Contaminant exposure in a pharmacy cleanroom with mixing ventilation: Impact of air-change rates

¹ Building Physics and Services, Department of the Built Environment, Eindhoven University of Technology, Eindhoven, The Netherlands
² Department of Buildings and Energy Systems, TNO Netherlands Organization for Applied Scientific Research, Delft, The Netherlands

^* Corresponding author: p.qin@tue.nl

Abstract

Ventilation is one of the primary strategies for controlling the contaminant exposure in a room. However, a lack of understanding in ventilation can lead to misinformation in estimating contaminant exposure. This includes the challenge of determining an appropriate ventilation flow rate (air changes per hour, ACH) and the airflow patterns required to keep aerosol particle concentrations limited.
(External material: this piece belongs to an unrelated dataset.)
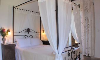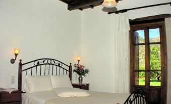 Villa Melitta is a noble house built by George Hatzidakis. He used all his research into traditional architecture and put all his love into the house. The project was finished in 2004. In the middle of a 5000 sq.m fruit grove, rises a small palace, reminding us of a Venetian villa. Melitta is situated just outside of the village of Melidoni, in a quiet environment with a broad and beautiful view of the Tallaia mountains and Psiloritis. There is a wide variety of trees in its huge garden – orange, olive, pear, apple, and peach trees – offering fruits throughout the year. There are also flowers and organically grown vegetables in the backyard of the house. The house covers 250 M2 and there are 5 bedrooms – 2 on the ground floor and 3 on the upper floor – which can accommodate 10 persons, or even 12 if you use the two sofa beds of the sitting room. It has a tasteful interior and there are two verandas on the upper floor, offering you a choice of the view you prefer.

The goal of this work package of the P3Venti program is to investigate the impact of different values of ACH on the efficiency of contaminant removal in a pharmacy cleanroom employing mixing ventilation. The analysis combines experiments and CFD simulations. First, the CFD results of velocity magnitude, temperature, and particle concentration are validated with experimental data for the specific room. Next, the impact of ACH (i.e. 1.5, 3, 6, 10, 20, 40 h^-1) on the distributions of velocity magnitude, temperature, and particle concentration is systematically analyzed. The results show that the buoyancy effect is significant at low ACH values, whereas the mixing effect becomes dominant at high ACH values. As ACH increases, the index of concentration reduction increases from approximately 48.5% to 96.5%, with most significant effects when ACH increases from 1.5 to 10 h^-1. Similar follow-up research will be conducted for classrooms and general rooms in, e.g., long-term care facilities.